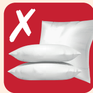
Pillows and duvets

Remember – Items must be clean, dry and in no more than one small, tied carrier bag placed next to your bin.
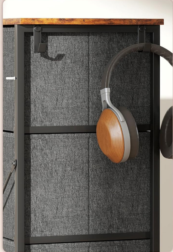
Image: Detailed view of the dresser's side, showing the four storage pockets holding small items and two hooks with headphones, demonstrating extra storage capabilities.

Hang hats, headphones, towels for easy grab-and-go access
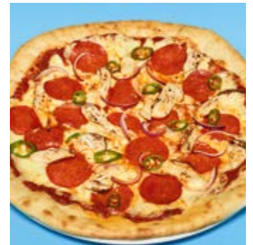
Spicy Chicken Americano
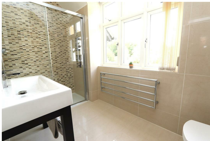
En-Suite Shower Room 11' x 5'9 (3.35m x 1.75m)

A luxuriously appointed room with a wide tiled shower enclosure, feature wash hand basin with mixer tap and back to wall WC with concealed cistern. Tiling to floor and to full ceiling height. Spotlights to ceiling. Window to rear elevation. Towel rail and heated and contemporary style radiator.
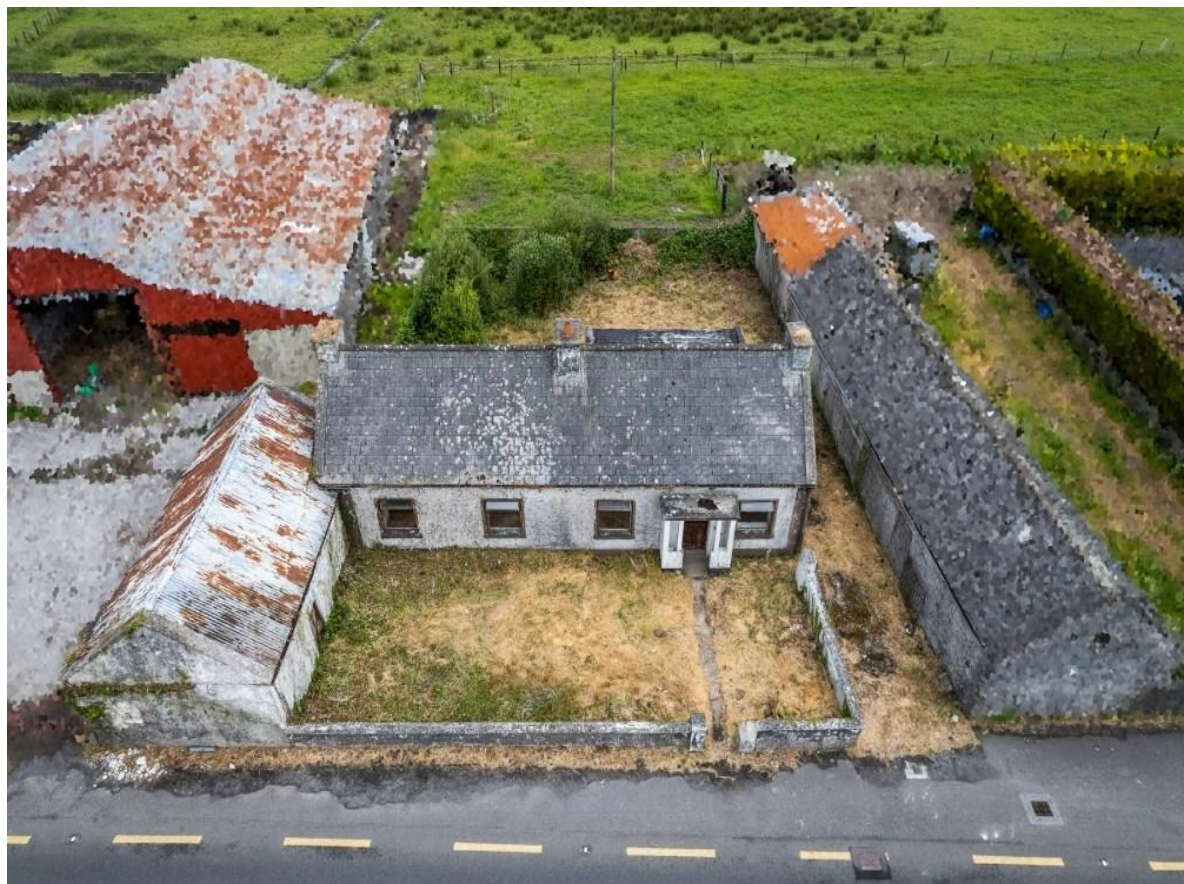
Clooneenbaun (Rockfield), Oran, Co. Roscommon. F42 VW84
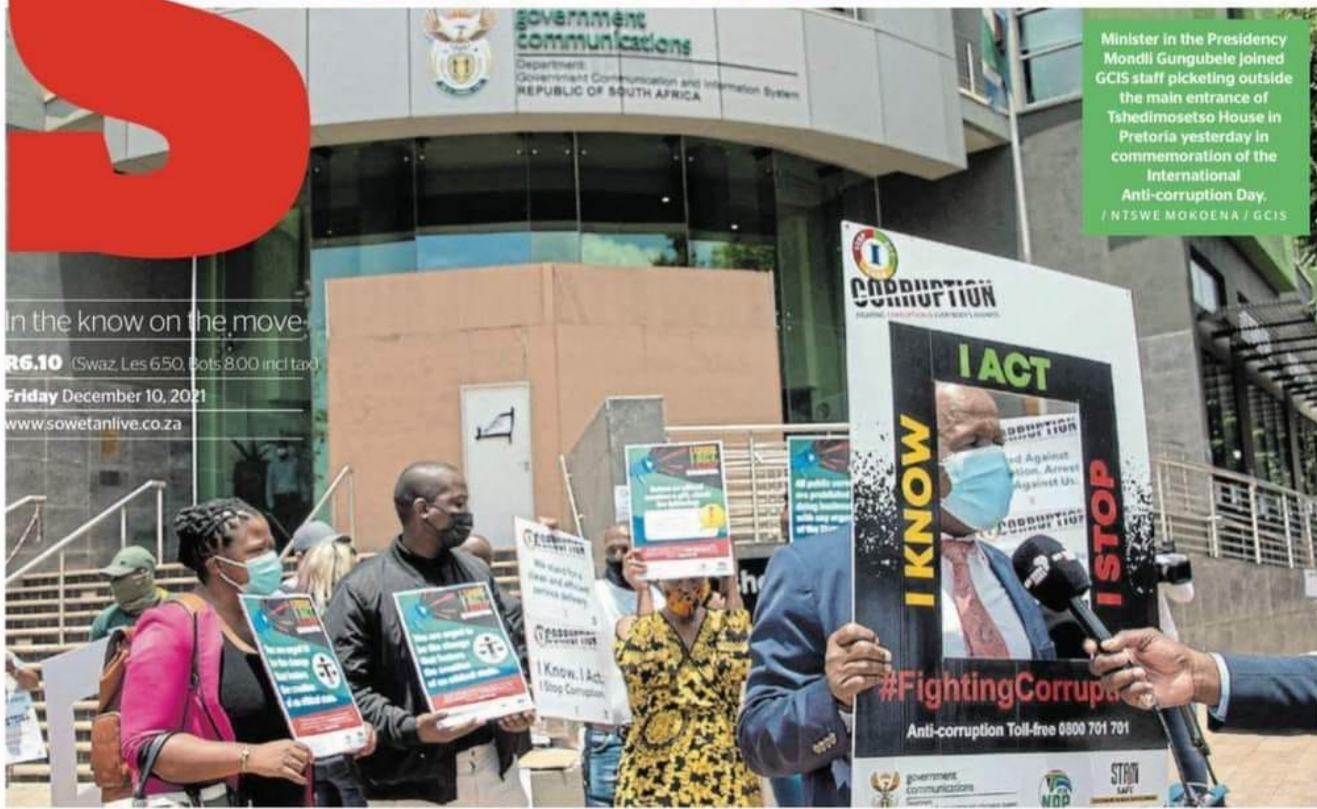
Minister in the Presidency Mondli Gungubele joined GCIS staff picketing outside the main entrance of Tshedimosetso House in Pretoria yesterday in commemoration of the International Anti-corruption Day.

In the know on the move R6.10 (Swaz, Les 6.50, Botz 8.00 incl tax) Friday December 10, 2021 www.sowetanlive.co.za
+-------+
**Action item:**
Return the lines above, from the one containing "Minister in the" to the end, exactly as they stand.

**Response to the task:**
Minister in the Presidency Mondli Gungubele joined GCIS staff picketing outside the main entrance of Tshedimosetso House in Pretoria yesterday in commemoration of the International Anti-corruption Day.

In the know on the move R6.10 (Swaz, Les 6.50, Botz 8.00 incl tax) Friday December 10, 2021 www.sowetanlive.co.za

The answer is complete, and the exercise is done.